Вторая геологическая глава намного позитивнее, чем первая. Например, дарвиновская теория в отличие от теории Ламарка (а в некоторых отношениях и теории Чемберса тоже), не приемлет стремительной эволюции, где потеря отдельных видов компенсируется развитием тех же видов в более позднее время. С точки зрения Дарвина, вид возникает и существует лишь однажды, и он был рад тому, что палеонтологическая летопись это подтверждает (с. 313). Точно так же он не преминул воспользоваться и тем фактом, что летопись, отражающая палеонтологическую историю мира, указывает на параллельные пути развития. Новые, более совершенные (за счет естественного отбора) виды имеют преимущество перед старыми формами и потому расселяются и оставляют сходные ископаемые отложения по всему миру (с. 327).

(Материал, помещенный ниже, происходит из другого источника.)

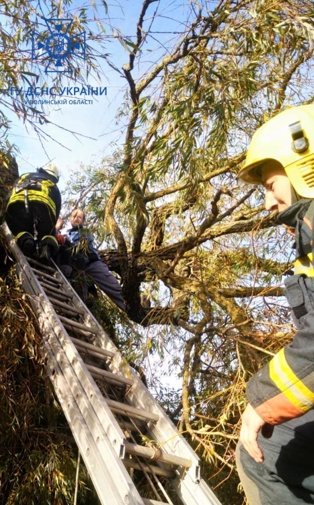Обідньої пори мешканець села Клопочин Володимирського району під час обрізання дерева травмувався гілкою, що падала, та не зміг злізти з дерева, повідомили у ДСНС Волині.

Также и тот факт, что «чем древнее какая-нибудь форма, тем сильнее выражена у нее склонность с помощью некоторых своих признаков связывать между собой группы, ныне далеко отстоящие одна от другой» (с. 330), можно легко объяснить нисходящими модификациями, так же как ими можно объяснить и тот факт, что «ископаемые из двух последовательных формаций более тесно связаны между собой, чем ископаемые двух отдаленных друг от друга формаций» (с. 335). Но как быть с ключевым вопросом? Как быть с прогрессией? Исходя из того, что нам уже известно, и высказанных ранее догадок следует ожидать, что Дарвин займет позицию, не особо разнящуюся с (более поздней) позицией Оуэна, и так оно и случилось. Для Дарвина основной, я бы даже сказал фундаментальный, фактор – это дивергенция, а поскольку человек онтологически не отличается от прочих существ, то ни о какой однолинейной, ведущей к человеку прогрессии и речи быть не может. Речь может идти лишь о дивергентной эволюции, неустанно ведущей ко все большей адаптивной специализации. Но внутри этих рамок Дарвин был готов допустить на субъективном уровне наличие достаточно размытой и нечеткой прогрессии: он тоже (чего всегда боялся Лайель) связывал между собой прогрессию и эволюцию. «Обитатели мира в каждый последовательный период его истории побеждали своих предшественников в битве за жизнь. В этом смысле они выше своих предшественников, и их органы сделались, в общем, более специализированными; в этом заключается объяснение того общего мнения, разделяемого столь многими палеонтологами, что организация в целом прогрессировала» (с. 345).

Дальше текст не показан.